▸ **TASK STATEMENT**:
Please copy the lines below, exactly as they are, from the one with "This was an" through the one with "Kucht KDF Series", and leave out the pictures.
-------- INFORMATION PROVIDED
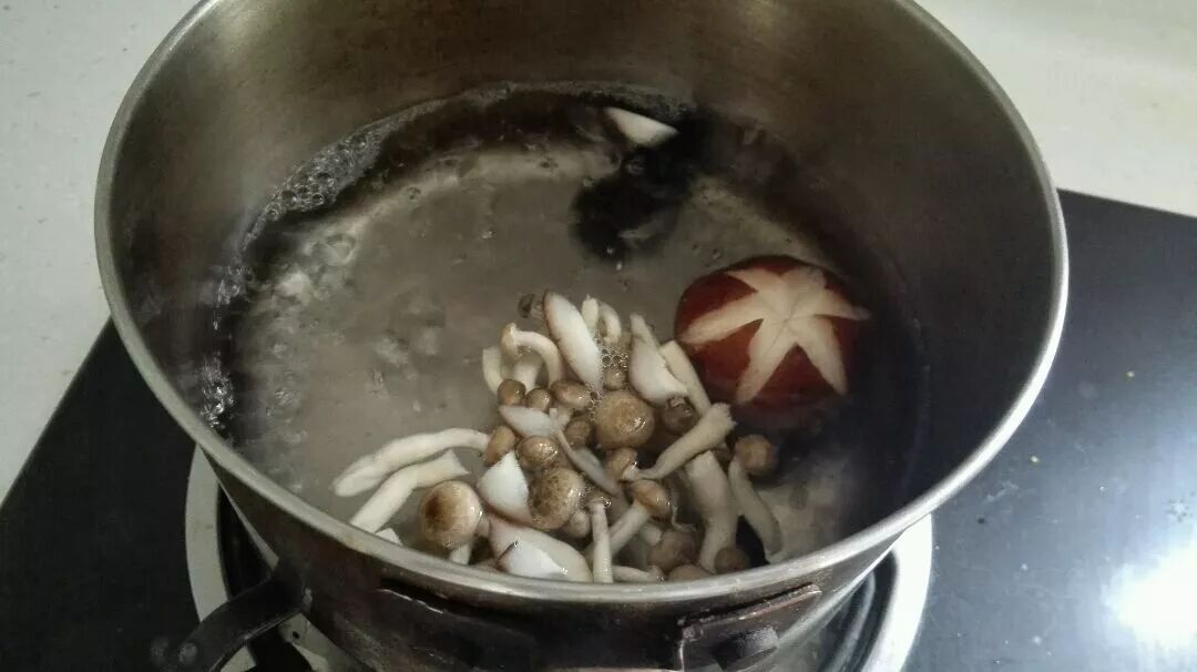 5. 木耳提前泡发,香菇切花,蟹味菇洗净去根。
----------------
-------- INFORMATION PROVIDED
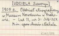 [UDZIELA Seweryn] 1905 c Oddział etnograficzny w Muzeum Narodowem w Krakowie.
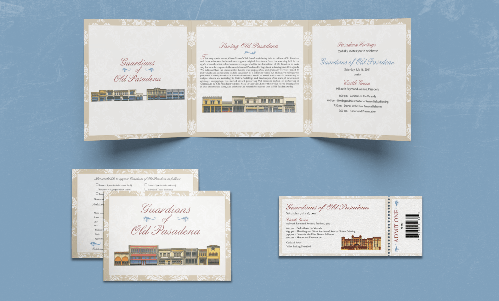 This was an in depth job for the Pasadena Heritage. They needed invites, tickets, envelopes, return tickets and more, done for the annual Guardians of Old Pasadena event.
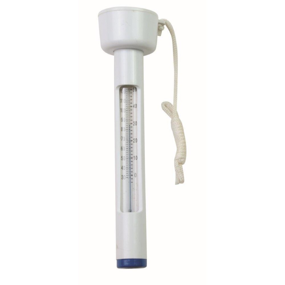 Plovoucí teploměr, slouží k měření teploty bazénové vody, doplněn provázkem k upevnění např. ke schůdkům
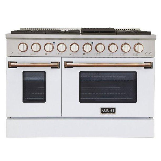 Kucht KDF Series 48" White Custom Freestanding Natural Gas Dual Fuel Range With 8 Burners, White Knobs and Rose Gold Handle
----------------
▸ **SOLUTION FOR THIS PROBLEM**:
 This was an in depth job for the Pasadena Heritage. They needed invites, tickets, envelopes, return tickets and more, done for the annual Guardians of Old Pasadena event.
 Plovoucí teploměr, slouží k měření teploty bazénové vody, doplněn provázkem k upevnění např. ke schůdkům
 Kucht KDF Series 48" White Custom Freestanding Natural Gas Dual Fuel Range With 8 Burners, White Knobs and Rose Gold Handle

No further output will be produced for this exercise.